Investors, probably using other news sources, have also taken note: the Turkish Lira is down 2.6% and the Russian Ruble is down 1.9% since the spike in hostilities on 27 September.

There is very little chance of hot military conflict, directly between Turkey and Russia: neither can afford it to fight across the three arena they are most directly opposed — Azerbaijan, Libya, Syria — and neither can win easily in each of the three. But both can indirectly support their side and exacerbate the local conflict.

There should be no surprise that Turkey is involved in external geopolitical friction. This friction matters for the investment case less than Turkey's poor macroeconomic metrics (and, for foreign equity investors, short-selling and stock-lending bans and FX controls).

Azerbaijan-Armenia in Nagorno-Karabakh

Conflict between Azerbaijan (backed by Turkey) and Armenia (closer to Russia and Iran) has flared up in recent days — violence is at levels not seen since the four-day war in April 2016, martial law has been declared in Azerbaijan, Armenia, and the Republic of Nagorno-Karabakh (also known as Artsakh, internationally recognised as Azerbaijan's territory but controlled by Armenian separatists).

These events have spooked some that Turkey is now involved in another hot conflict internationally and its third, indirectly, with Russia (Libya and Syria being the others).

Previously, Azerbaijan-Armenia escalations have ended in a return to negotiations.

While China, Germany, the EU, and the US have called for de-escalation, there is no guarantee that happens this time. The recent context is different because of:

  • Misplaced hopes for a dovish turn from the Armenia side, following the 2018 Velvet Revolution and the transition of leadership in Armenia to PM Nikol Pashinyan, and the resulting hardening of the hawks on the Azerbaijan side;

  • Joint military exercises by Azerbaijan and Turkey in July-August 2020 and Public criticism of Armenia by Turkish President Erdogan at the UNGA in September 2020; and

  • A relatively inexperienced Azerbaijan foreign minister (Jeyhun Bayramov, who transferred from the education ministry to replace the 16-year veteran foreign minister Elmar Mammadyarov, who retired in July 2020).

Geopolitical risk pales relative to economic risk

A reversion to foreign policy imperatives for Turkey

Over the last 15 years, the consensus portrayal of Turkey, under President Erdogan, has shifted from a shining emerging market, with prudent fiscal management, structural reform, improving infrastructure, export-driven growth, a vibrant democracy, benign foreign policies aligned with the geopolitical interests of the GCC, EU and the US (and Israel) to, well, pretty much the polar opposite on every one of these characteristics.

Some of that reversal in perception has been driven by Erdogan's:

  • Consolidation of power in domestic politics (via snap elections, constitutional change, undermining rivals, media suppression);

  • Use of non-orthodox economic policy (low rates at times of high inflation); and

  • Shift of attention to domestic and foreign security threats and Islamist populism at times of economic stress.

Some of it has been driven by the tendency for consensus in both foreign mainstream media and foreign institutional investors to swing from uncritical euphoria to unforgiving despair (similar swings of consensus perception have taken place on China, India, Saudi, for example).

But part of this change has been driven by an inevitable return to more proactive foreign policy by Turkey.
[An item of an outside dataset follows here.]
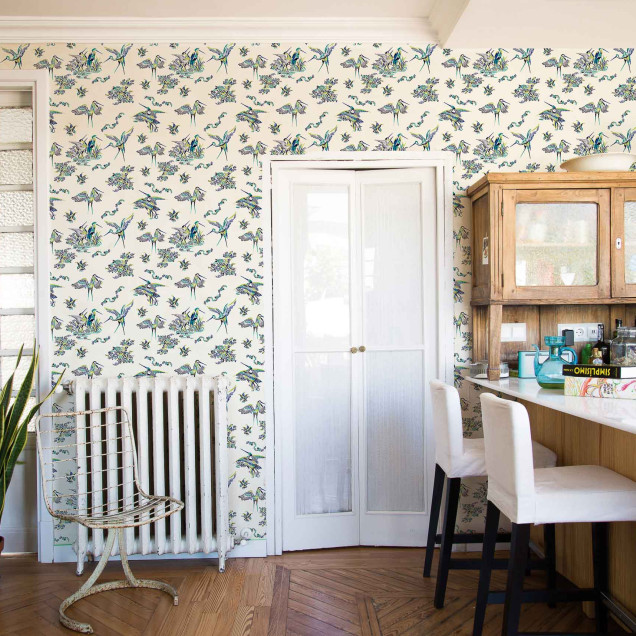 Adaugă un strop de eleganță și rafinament cu acest tapet decorativ. Model delicat cu cocori albaștri, ideal pentru orice cameră. Ușor de aplicat, 5mp/rola.

It has reverted to more engagement and intervention in its neighbourhood after fixing (at least for a while) its economic engine and amidst a less engaged, less credible global superpower (the US).

The alternative would see other regional rivals (eg Iran, Israel, Russia, Saudi, UAE) establish influence and control in ways that might threaten Turkey's security and access to oil and gas supply and trade routes in the long-term. Putting Ottoman romanticism and Turkish nationalist revisionism to one side, this regional interventionism is much closer to its historic norm and its geopolitical default than "zero problems with neighbours".

The limiting conditions for Turkey and EU-US reactions to it

This modern incarnation of of interventionist foreign policy is conditioned by two parameters:

  1. Turkey is financially constrained (economic growth has decelerated, fiscal space is constrained, macroeconomic policy lacks credibility, and all of this is reflected, ultimately, in FX rate devaluation) — this means that it is impossible for Turkey to engage in hot conflict on multiple fronts (ie it can supply arms and diplomatic and fund proxies, but it cannot commit its own military forces);

  2. Turkey remains too important to lose influence over and shared interest (eg via NATO) with for the US (as ballast to Russia and Iran and for Israeli and GCC security) and the EU (as a gas supply route and a buffer to migrants) — this means that Turkey may be able force concessions or support from the US or EU even after they criticise its actions.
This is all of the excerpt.